Your assignment:
The expected response is the complete listing below, restated exactly, with its pictures omitted.

Source data:
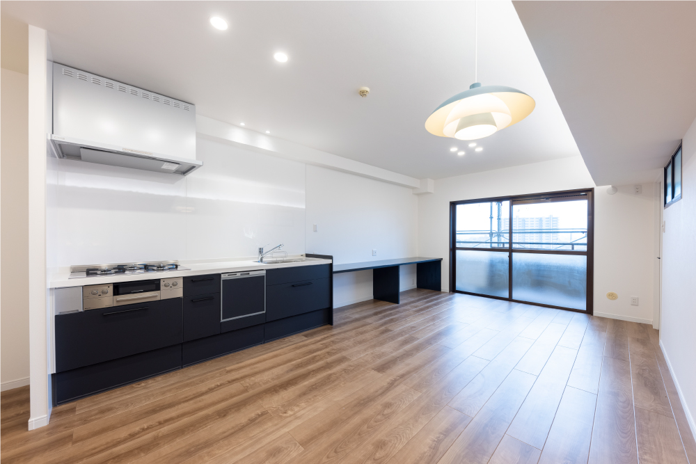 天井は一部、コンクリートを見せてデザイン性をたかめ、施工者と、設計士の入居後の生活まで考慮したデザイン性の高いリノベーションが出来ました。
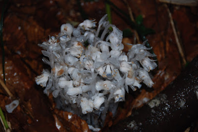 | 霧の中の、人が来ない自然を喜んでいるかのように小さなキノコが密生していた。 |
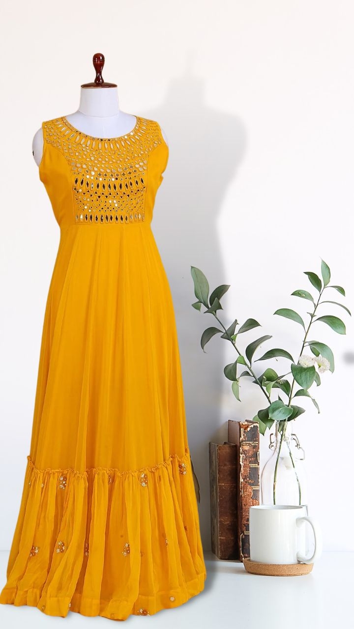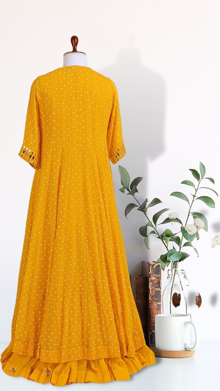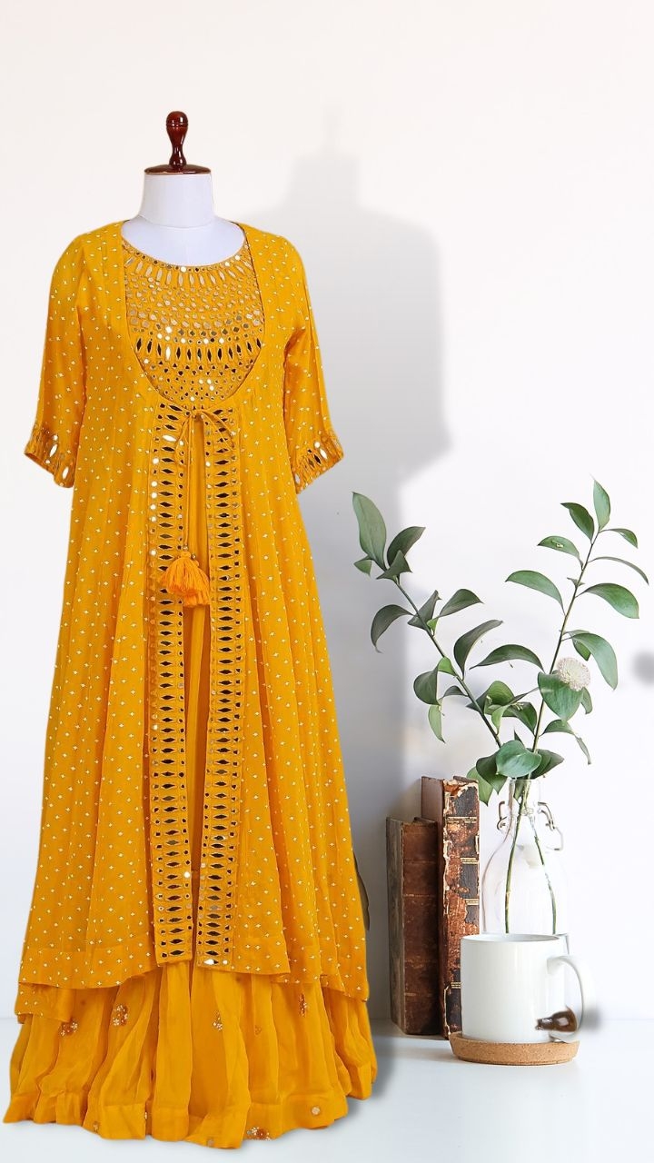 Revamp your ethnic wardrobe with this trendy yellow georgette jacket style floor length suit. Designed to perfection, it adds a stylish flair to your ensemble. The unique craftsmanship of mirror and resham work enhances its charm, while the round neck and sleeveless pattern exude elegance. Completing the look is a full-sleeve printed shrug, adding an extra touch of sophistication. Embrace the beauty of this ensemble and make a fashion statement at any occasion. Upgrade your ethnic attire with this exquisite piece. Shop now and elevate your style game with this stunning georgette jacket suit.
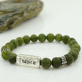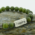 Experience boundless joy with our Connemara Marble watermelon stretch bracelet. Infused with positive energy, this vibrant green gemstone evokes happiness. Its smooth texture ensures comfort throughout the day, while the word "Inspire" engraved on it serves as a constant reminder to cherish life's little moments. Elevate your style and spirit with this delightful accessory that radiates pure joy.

Written response:
 天井は一部、コンクリートを見せてデザイン性をたかめ、施工者と、設計士の入居後の生活まで考慮したデザイン性の高いリノベーションが出来ました。
 | 霧の中の、人が来ない自然を喜んでいるかのように小さなキノコが密生していた。 |
 Revamp your ethnic wardrobe with this trendy yellow georgette jacket style floor length suit. Designed to perfection, it adds a stylish flair to your ensemble. The unique craftsmanship of mirror and resham work enhances its charm, while the round neck and sleeveless pattern exude elegance. Completing the look is a full-sleeve printed shrug, adding an extra touch of sophistication. Embrace the beauty of this ensemble and make a fashion statement at any occasion. Upgrade your ethnic attire with this exquisite piece. Shop now and elevate your style game with this stunning georgette jacket suit.
 Experience boundless joy with our Connemara Marble watermelon stretch bracelet. Infused with positive energy, this vibrant green gemstone evokes happiness. Its smooth texture ensures comfort throughout the day, while the word "Inspire" engraved on it serves as a constant reminder to cherish life's little moments. Elevate your style and spirit with this delightful accessory that radiates pure joy.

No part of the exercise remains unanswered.